Data section -
»»
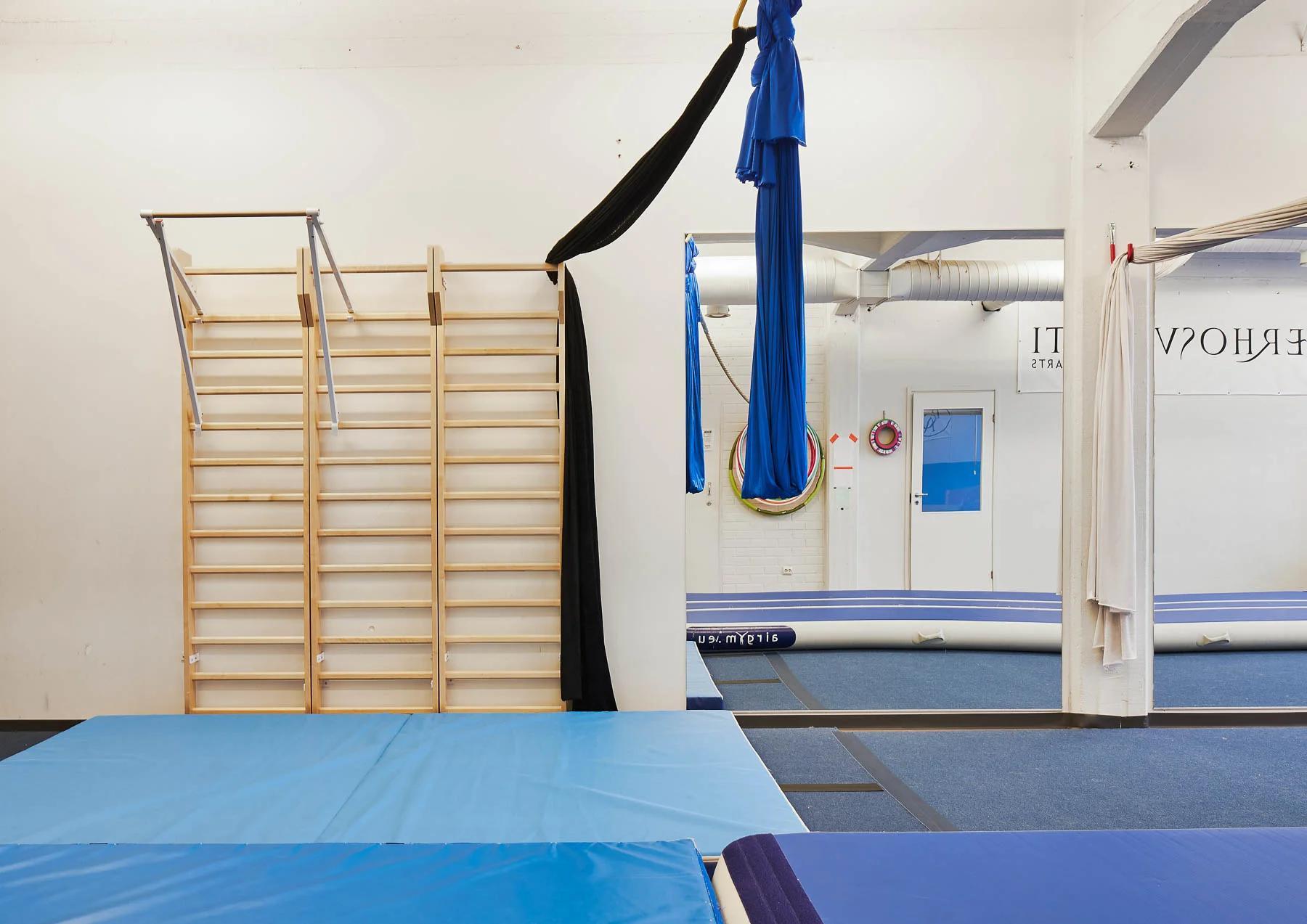 EN: A circus studio with stall bars, blue aerial silks, and gymnastics mats reflected in a large mirror.
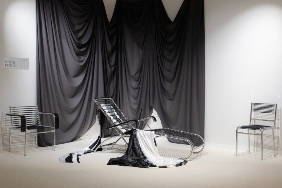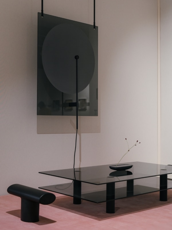 The living-room system, understood as an intimate and enveloping space defined by a seat, a lamp and a small table, is one of the configurations that most stimulate designers and is easy to identify among the stands. Within the heterogeneity of styles and formal proposals, the solution by Unknown, Untitled distances itself from the déco revivals and the preciousness-infused maximalism to bring us back toward a linear essentiality not far from Japanese aesthetics. Favoring black glass as its sole material of choice, the Paris-based studio creates a minimalist table defined by two parallel planes. Accompanying it are two meditation stools and an emblematic wall light source, a sort of black sun, also made of glass, that asserts itself as a mysterious and enigmatic presence.
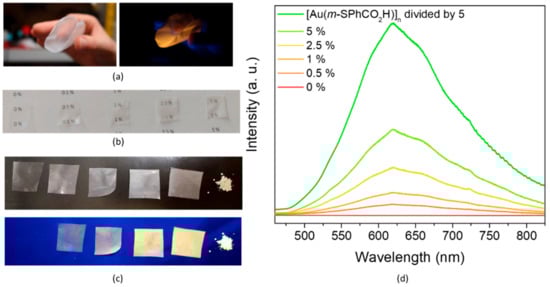 Photographs of (a) 2.5 wt% [Au(m-SPhCO2H)]n@PVDF film; and films with 0 wt%, 0.5 wt%, 1 wt%, 2.5 wt%, and 5 wt% [Au(m-SPhCO2H)]n@PVDF showing their (b) transparence and (c) luminescence. (d) Emission spectra (λex = 380 nm) of these polymer composite films insolid state at room temperature.
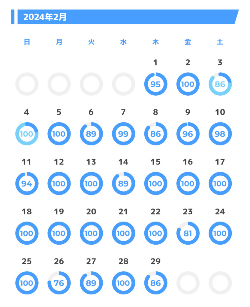 ちなみに私の睡眠記録(2024年2月)が以下のような感じ。
««
What is being asked -
Repeat the line containing "Photographs of (a)" and every line after it up to the end of the material above, exactly as they stand, minus the pictures.

Solution below -
 Photographs of (a) 2.5 wt% [Au(m-SPhCO2H)]n@PVDF film; and films with 0 wt%, 0.5 wt%, 1 wt%, 2.5 wt%, and 5 wt% [Au(m-SPhCO2H)]n@PVDF showing their (b) transparence and (c) luminescence. (d) Emission spectra (λex = 380 nm) of these polymer composite films insolid state at room temperature.
 ちなみに私の睡眠記録(2024年2月)が以下のような感じ。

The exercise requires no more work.